AMR Research's top-ranked supply chain this year is a company whose retail stores have almost no physical inventory on site.
The lesson from this year's AMR Research Supply Chain Top 25 report: Build and deliver
Companies that want to emulate Apple, and the other 24 companies on the list, must approach supply chain management (SCM) more as a way to add value than a way to cut costs. Apple, and the other top supply chains – Nokia ranked second, Dell third – balance innovation and operational excellence. They are demand-driven, meaning that they sense demand, shape it and orchestrate a profitable response, according to Debra Hofman, research director at Boston-based AMR.

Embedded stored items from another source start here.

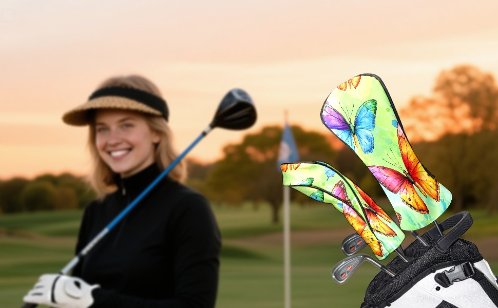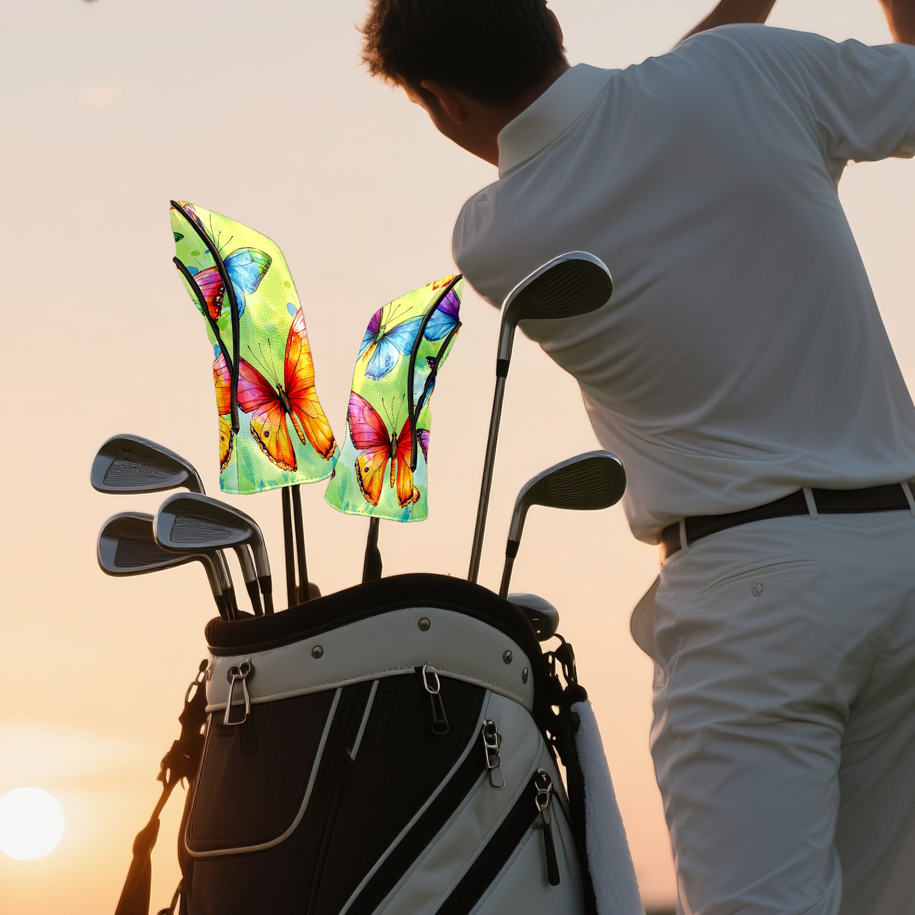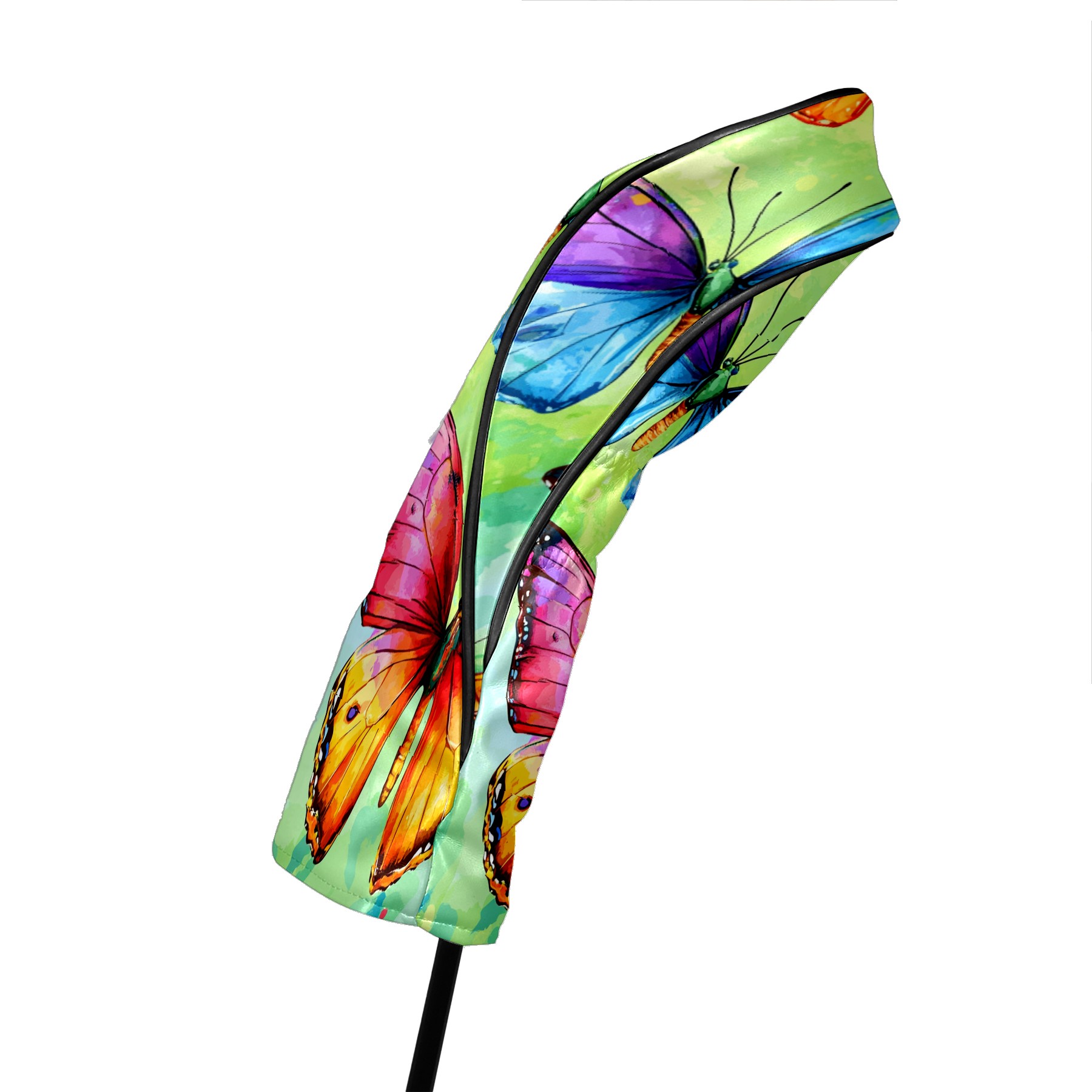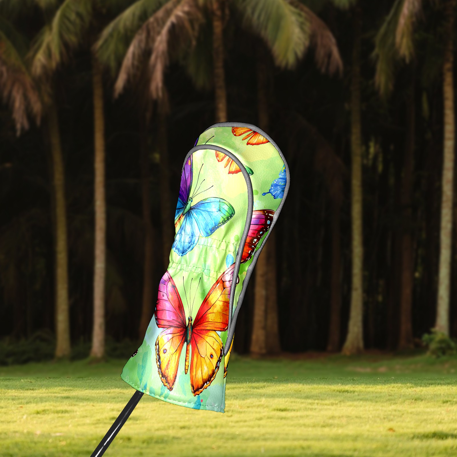 Golf Driver Head Covers Fairway Wood Headcovers, Premium Leather Golf Club Covers with Anti-Scratch Lining 1/3/5 Wood Cover for golf clubs for Women Men (Colorful Butterfly)
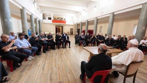Tras un café ("Gracias, así no me duermo", bromeó), atravesando el pórtico de mampostería, el Pontífice se trasladó a una pequeña sala donde, junto a los sacerdotes, recitó la oración al Espíritu Santo elegida para el año pastoral 2023-2024. Desde allí, charló con los sacerdotes que, a su vez, le hicieron preguntas. Sentado ante un escritorio, el Romano Pontífice tomó notas y respondió a cada pregunta.
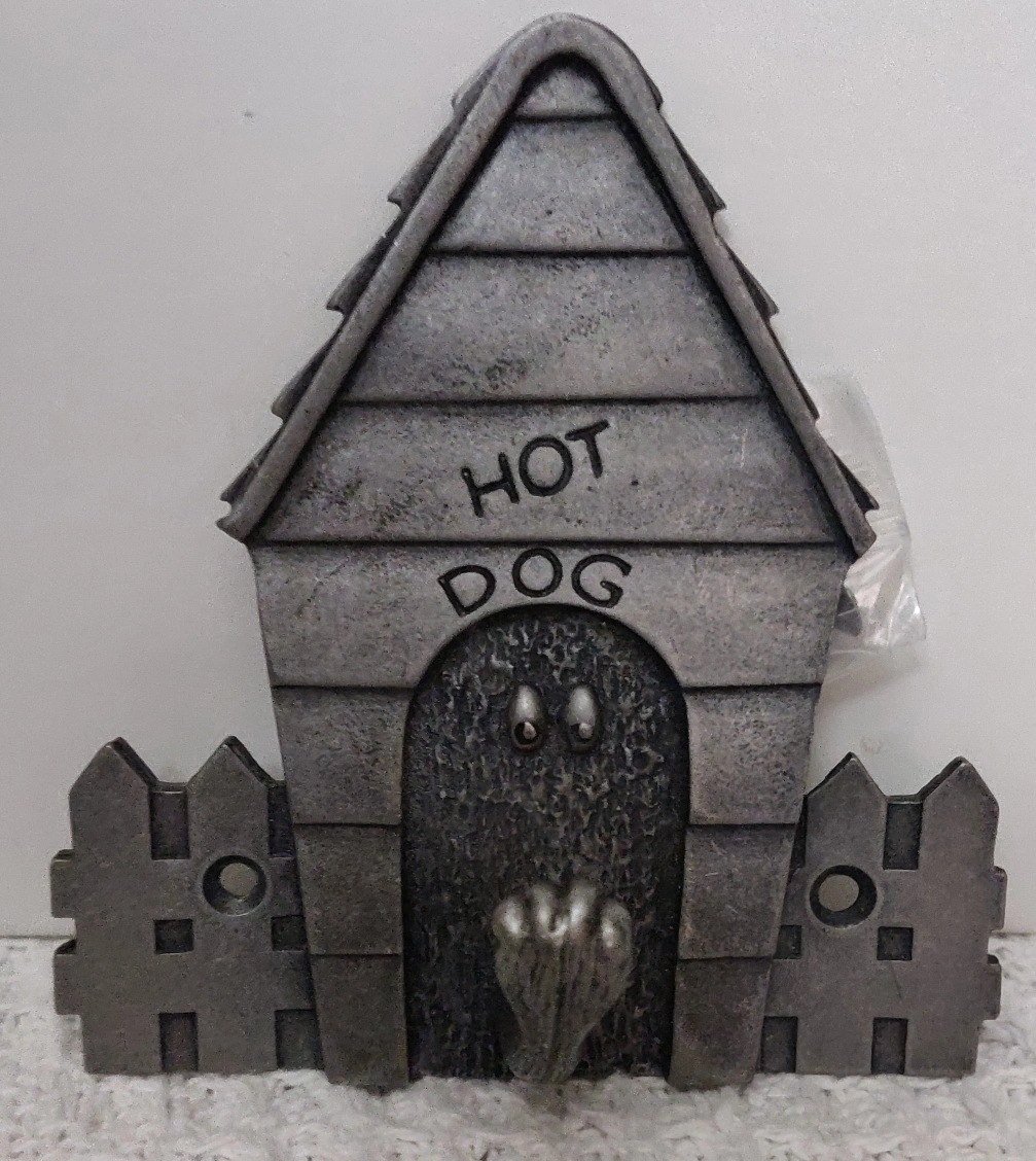 Metal dog house wall hook. Comes with screws for mounting. Made in Canada.
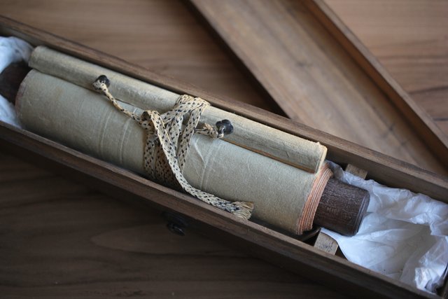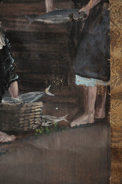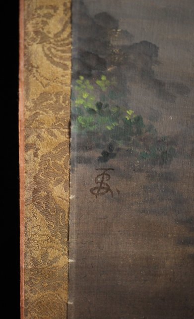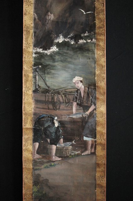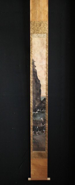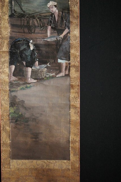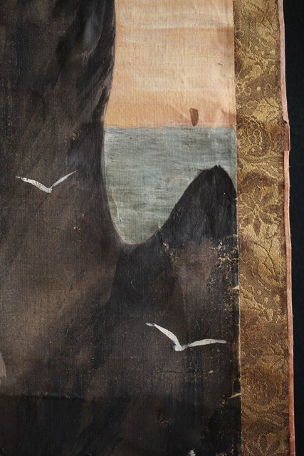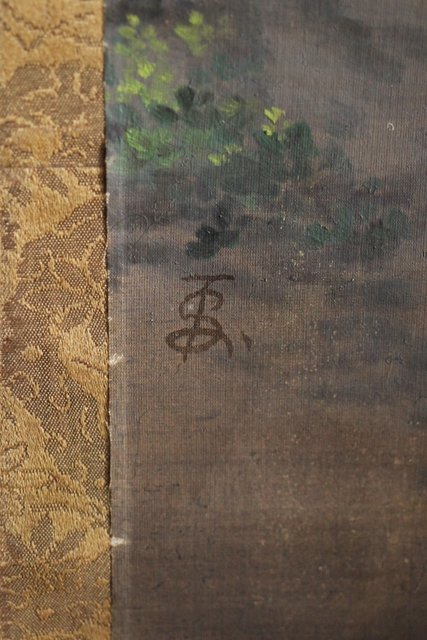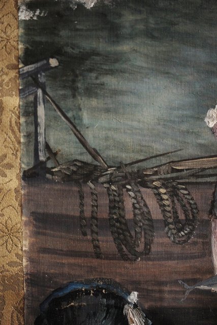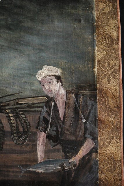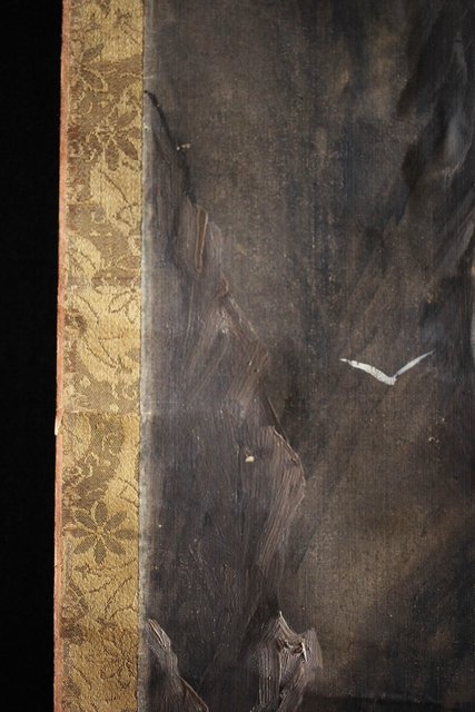 古い油絵を軸装仕立てにした非常に興味深い絵画

"The movement toward the content economy is critical," said Hofman, who co-authored the report. "[Companies need to move] toward that model where demand is not just a given but something you manage and negotiate, and, in Apple's case, create and orchestrate that response to it."

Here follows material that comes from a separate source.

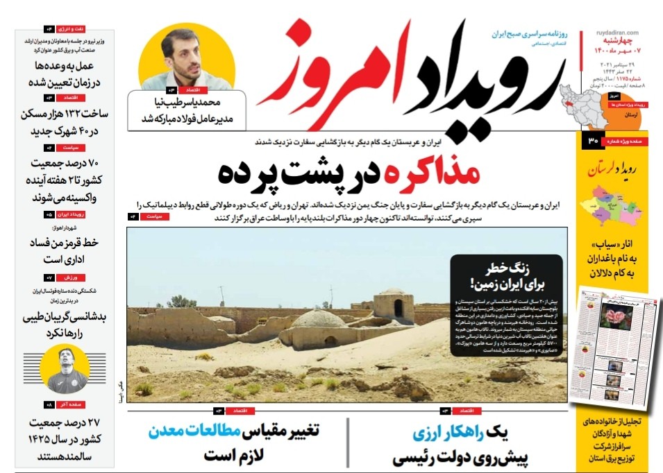 کد: 91162 | 07 مهر 1400 ساعت 02:04 روزنامه رویداد امروز چهارشنبه ۷ مهر ۱۴۰۰ روزنامه رویداد امروز رویداد ایران اشتراک گذاری گزارش خطا × اشتراک گذاری مطلب: روزنامه رویداد امروز چهارشنبه ۷ مهر ۱۴۰۰ فیسبوک اینستاگرام تلگرام ایکس (توییتر) ایتا بله روبیکا × گزارش خطا برای گزارش خطا با پست الکترونیکی: ruydadiran[at]gmail.com در ارتباط باشید
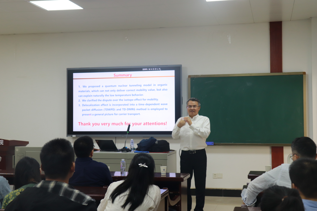 在此次报告中,帅志刚教授首先详细介绍了密度矩阵重正化群理论,即在矩阵积态(MPS)和矩阵积算子(MPO)的现代框架中TD-DMRG的基本算法,包括关于MPS和MPO的基本代数,传播MPS的新型时间演化方案,以及编码通用哈米顿量的自动MPO构造算法,表明该方法可以处理有限温度下的混合态密度矩阵,从而实现分子聚集的量子统计描述。随后进一步讲解有机材料中的量子核隧道模型,该模型不仅能提供正确的迁移率值,还能自然解释低温行为。同时指出可以将去局域化效应纳入时间相关波包扩散(TDWPD),采用 TD-DMRG 方法呈现载流子输运的图景。

According to SAP, 14 of the companies on the list, including Apple and Nokia, are end-to-end users, or very close to it, of SAP SCM.
AMR has been ranking the supply chains of Fortune 500 retailers, manufacturers and distributors for four years. The companies are ranked based on their financials – return on asset, inventory turns and revenue growth – as well as opinions of peers and AMR researchers on how closely their demand-driven supply networks fit the AMR ideal.
None of these companies has perfected the model yet, Hofman said, but they are leaders in applying demand-driven principles of integrating supply, demand and product management.
According to the report, the defining characteristics of ideal demand-driven supply chains are managing demand, not just responding to it. There is a networked, not linear, approach to global supply, and they have an ability to embed innovation in operations, rather than just keeping it isolated in a laboratory.
What works for Apple isn't going to work for everyone, Hofman said. But companies should take lessons from all those who made the Top 25 this year, including consistent frontrunners Nokia, Procter & Gamble, IBM, Wal-Mart and Toyota, as well as newcomers like Sony Ericsson, oilfield services supplier Schlumberger, and supermarket operator Royal Ahold.
"I don't think everybody can do what Apple does," she said. "Apple is just sort of the epitome of the content economy. I think what you are seeing and will see [is that] companies can incorporate portions of that into what they do."
Key to this is SCM that starts with the customer experience. Ask yourself, Hofman said, how the product fits in with the totality of what a customer needs, what your customer experience is, and how you fit into that.
She points to several examples. Best Buy, ranked 14th, acquired Geek Squad and added an in-house installation service. Cisco, ranked 8th, has moved from selling routers to selling software and solutions as well. For example, Cisco's purchase of WebEx allows it to sell the software for the conferencing hardware it sells.
"I think that's the kind of direction you'll see a lot of companies moving in," Hofman said. "Expanding their footprint further into the supply market -- expand around total solutions instead of just physical products."
Obviously, having a strong end-to-end supply chain management system is key to making the list. SAP plays the same role in this as many other vendors do, Hofman said.
SAP SCM customers on the list include Apple, Nokia, Procter & Gamble, IBM, Samsung Electronics, Anheuser-Busch, PepsiCo, The Coca-Cola Company, Nike, Walt Disney, Hewlett-Packard, Johnson & Johnson, Lockheed Martin and Johnson Controls, according to SAP.
"I think it's the role we would expect any end-to-end system to play," she said. "Provide end-to-end support across the supply chain, enable an end-to-end supply chain strategy."